High-Resolution Attention Network With Acoustic Segment Model For Acoustic Scene Classification
Xue Bai, Jun Du, Jia Pan, Heng-Shun Zhou, Chin-Hui Lee, Yan-Hui Tu
-
SPS
IEEE Members: $11.00
Non-members: $15.00Length: 14:40
The spectral information of acoustic scenes is diverse and complex, which poses challenges for acoustic scene tasks. To improve the classification performance, a variety of convolutional neural networks (CNNs) are proposed to extract richer semantic information of scene utterances. However, the different regions of the features extracted from CNN-based encoder have different importance. In this paper, we propose a novel strategy for acoustic scene classification, namely high-resolution attention network with acoustic segment model (HRAN-ASM).
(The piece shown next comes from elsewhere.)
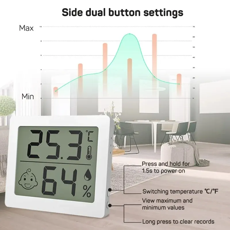 Température électronique de haute précisionCe thermomètre offre une mesure de température électronique de haute précision, assurant des lectures précises de votre environnement intérieur.

In this approach, we utilize fully CNN to obtain high-level semantic information and then adopt two-stage attention strategy to select the relevant acoustic scene segments. Besides, the acoustic segment model (ASM) proposed in our recent work provides embedding vectors for this attention mechanism. The performance is evaluated on DCASE 2018 Task 1a, showing 70.5% good classification accuracy under single system and no data expansion, which is superior to CNN-based self-attention mechanism and highly competitive.